Your site at any time may be unavailable from a large number of providers, including major highways. For this you don’t even need to host something forbidden, it’s enough that it’s your IP that will accidentally fall into the hands of any blocked domain owner.

This raises a number of questions and thoughts.

First, of course, the question arises: can the producers of such software and providers themselves be legally able to take and expand the list of IPs that need to be blocked according to their additional heuristics? I, I repent, have not thoroughly studied the law, but apparently they can.

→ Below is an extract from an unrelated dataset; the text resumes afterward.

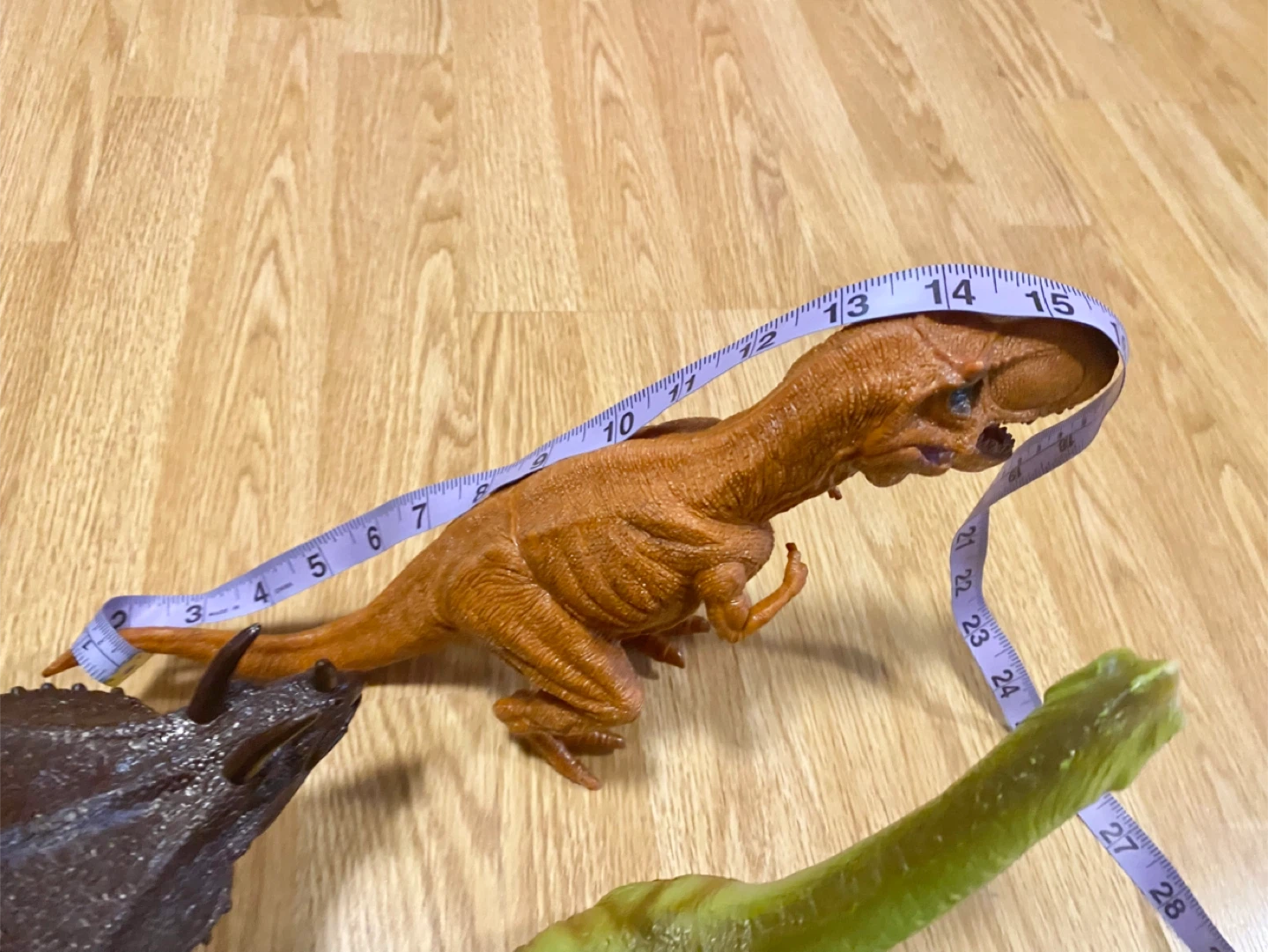 A T-Rex, Triceratops, Brachiosaurus, Stegosaurus, and a smaller dinosaur figure.

Most likely, the law clearly does not spell out the opposite, but it is done for reinsurance: here comes the commission tomorrow, will try to check if you have a blocked site, and it will take and open, because its owner has changed IP, but Roskomnadzor has not yet had time to update the addresses in lists. But you and I understand the possible reasons, and it may be so difficult to reach the inspectors that you have to challenge their findings in court.

Secondly, if the law really allows providers to do this, then the law needs to be changed. Because it should not be important whether the domain and / or IP is in the registry, but whether it contains information that is prohibited for distribution. So, the courts must state the exact reasons for the blocking, and the Roskomnadzor, before listing the next IP of the blocked site, should check whether there is still content blocking.

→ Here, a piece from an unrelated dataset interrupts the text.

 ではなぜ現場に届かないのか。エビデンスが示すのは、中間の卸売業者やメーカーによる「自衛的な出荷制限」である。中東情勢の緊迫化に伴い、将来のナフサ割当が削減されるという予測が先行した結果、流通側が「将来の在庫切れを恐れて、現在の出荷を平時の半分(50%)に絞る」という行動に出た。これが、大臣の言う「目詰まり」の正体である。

But in the third - until this bright future comes - what to do then? At any moment (I think I'm starting to repeat) something can happen to you, with which, without the goodwill of a person with a blocked domain, nothing can be done at all.

For ourselves at the moment, we have decided that we need to make a monster who will periodically receive the actual unloading in order to:

  1. Do not give attach to the sites on our engine blocked domains;
  2. Rezolvit blocked domains and check if some of them started returning our IP;
  3. Just in case, also parse the nginx logs in search of visits to the blocked domains (well, you never know!).

And then, this monster will help us only quickly find out about the problem and its cause. And the question of how to fix it is not relying on a miracle remains open.